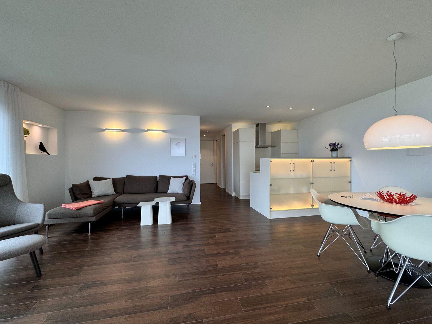 Das Apartment verfügt über zwei Zimmer: ein separates Schlafzimmer und ein einladendes Wohnzimmer mit offener Küche. Die hochwertige Ausstattung umfasst Vinylboden in Wohn- und Schlafbereichen, eine gemütliche Sofaecke und einen separaten Essbereich mit großem Esstisch. Für Familien und Paare bietet das Apartment mit einem Schlafzimmer und zwei vorhandenen Schlafmöglichkeiten ein komfortables Zuhause auf Zeit. Kinder sind in dieser Unterkunft herzlich willkommen. Jugendgruppen sind nicht gestattet, sodass Ruhe und Privatsphäre gewährleistet sind.
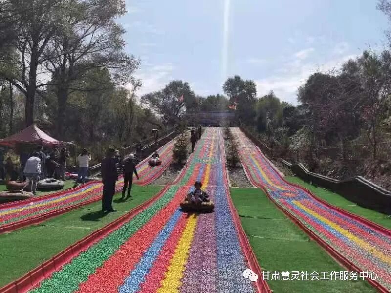 人群中突然传来一声声惊讶声,放眼望去五颜六色的原来是游玩设施彩虹滑道,学员们瞬间变成风中的少年狂奔而去。
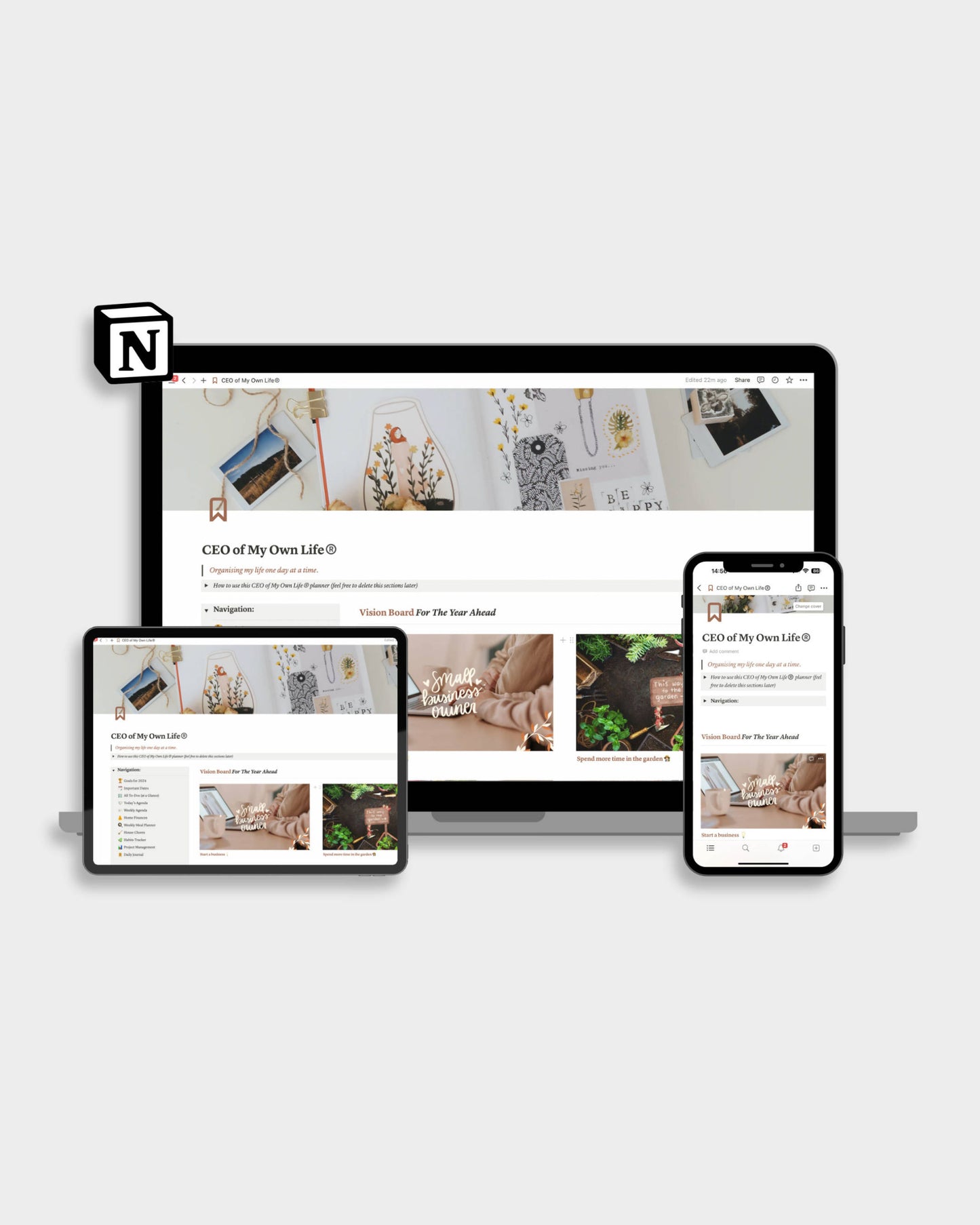 Explore our range of digital life planners, including the flagship CEO of My Own Life® planner, as well as agendas and other digital journals that will help you stay beautifully organised throughout the year. Available for GoodNotes iOS and Notion.
• • • • •
**TASK OBJECTIVE:** Working from the line with "人群中突然传来一声声惊讶声,放眼望去五颜" to the last line of the material above, repeat each line exactly and leave out the pictures.

**SOLUTION FOR THIS TASK:**
 人群中突然传来一声声惊讶声,放眼望去五颜六色的原来是游玩设施彩虹滑道,学员们瞬间变成风中的少年狂奔而去。
 Explore our range of digital life planners, including the flagship CEO of My Own Life® planner, as well as agendas and other digital journals that will help you stay beautifully organised throughout the year. Available for GoodNotes iOS and Notion.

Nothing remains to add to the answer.